Gmina Sypniewo is a rural gmina (administrative district) in Maków County, Masovian Voivodeship, in east-central Poland. Its seat is the village of Sypniewo, which lies approximately 21 kilometres (13 mi) north-east of Maków Mazowiecki and 89 km (55 mi) north-east of Warsaw.

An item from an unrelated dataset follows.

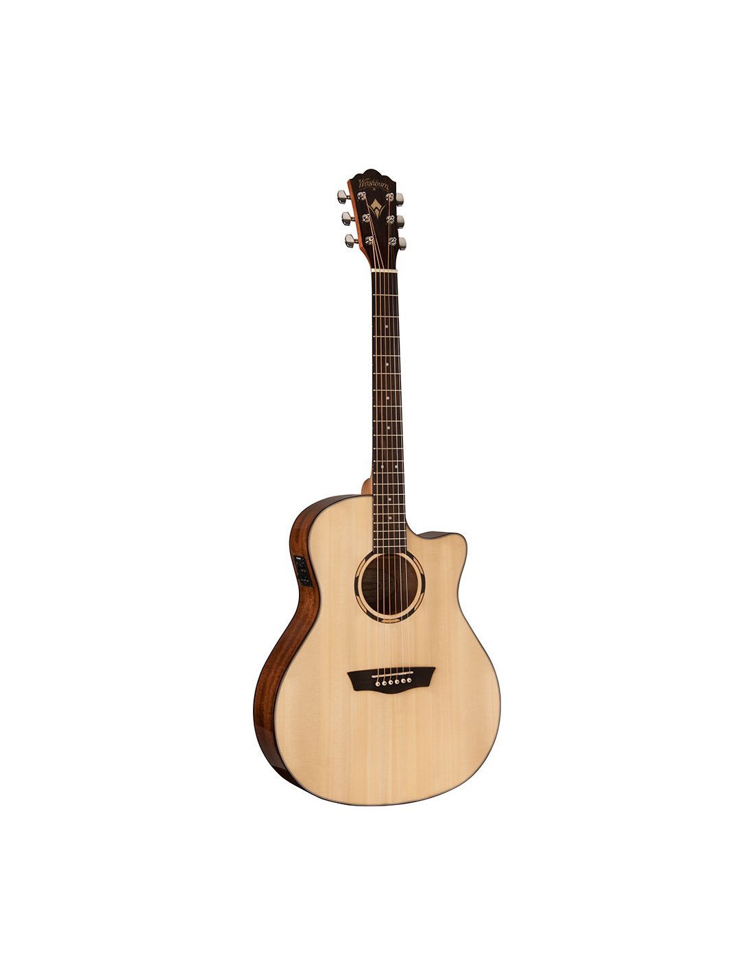 Chitarra Akustik Elettrificata Orchestra Cutaway, Decke aus massivem Sitka-Fichtenholz, Boden und Zargen aus Mahagoni, Fishman Presys II 301T Vorverstärker, Farbe Natur Die Woodline O10 SE ist eine akustische E-Gitarre im Cutaway-Orchesterformat mit massiver Decke und Walnuss-Binding; eine Mischung aus Eleganz, Musikalität und Preis-Leistungs-Verhältnis. Eine Decke aus hochwertigem massivem Sitka-Fichtenholz mit "Cathedral Peak" Scalloped-X Verstärkungen, kombiniert mit Boden und Zargen aus Mahagoni, ergibt eine tonal vielseitige, reiche, robuste und harmonische Gitarre zugleich. Die Walnuss-Binding verleiht einen Hauch von erstklassiger Eleganz, die normalerweise bei handgefertigten Instrumenten zu finden ist. Die Eigenschaften des Graph Tech® NuBone Sattels und der Nut maximieren den Klang und den Charakter der Gitarre. Der Fishman® Presys II 301T Vorverstärker erzeugt einen natürlichen akustischen Klang in Aufführungssituationen. SPEZIFIKATIONEN Form: Orchestra Cutaway Decke: Massive Sitka-Fichte Boden/Zargen: Mahagoni Hals: Satiniertes Mahagoni Truss Rod 2 Wege Griffbrett: Ovangkol Rosette: Washburn Parkett Einlagen: Punkte Verstärkung: Cathedral Peaked Scalloped-X Steg: Ovangkol Nut: Graphtec NuBone Mechaniken: Die-cast Chrom Vorverstärker: Fishman Presys 301T Anzahl der Bünde: 20 Bünde Mensur: 25-5/16” Farbe: Natur Finish: Hochglanz Saiten: D’Addario EXP16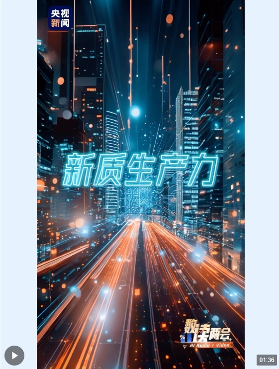 面向未来,“新”风扑面。央视新闻AI系列竖屏短视频《AI数“读”两会》带你通过视频腾飞想象,以AI技术的极致未来感,感受新质生产力的澎湃动能!

The gmina covers an area of 128.58 km2, and as of 2006 its total population is 3,528 (3,479 in 2011).

==Villages==
Gmina Sypniewo contains the villages and settlements of Batogowo, Biedrzyce-Koziegłowy, Biedrzyce-Stara Wieś, Boruty, Chełchy, Chojnowo, Dylewo, Gąsewo Poduchowne, Glącka, Glinki-Rafały, Jarzyły, Majki-Tykiewki, Mamino, Nowe Gąsewo, Nowy Szczeglin, Olki, Poświętne, Rawy, Rzechówek, Rzechowo Wielkie, Rzechowo-Gać, Sławkowo, Stare Glinki, Strzemieczne-Sędki, Sypniewo, Szczeglin Poduchowny, Zalesie, Zamość and Ziemaki.

==Neighbouring gminas==
Gmina Sypniewo is bordered by the gminas of Czerwonka, Krasnosielc, Młynarze, Olszewo-Borki and Płoniawy-Bramura.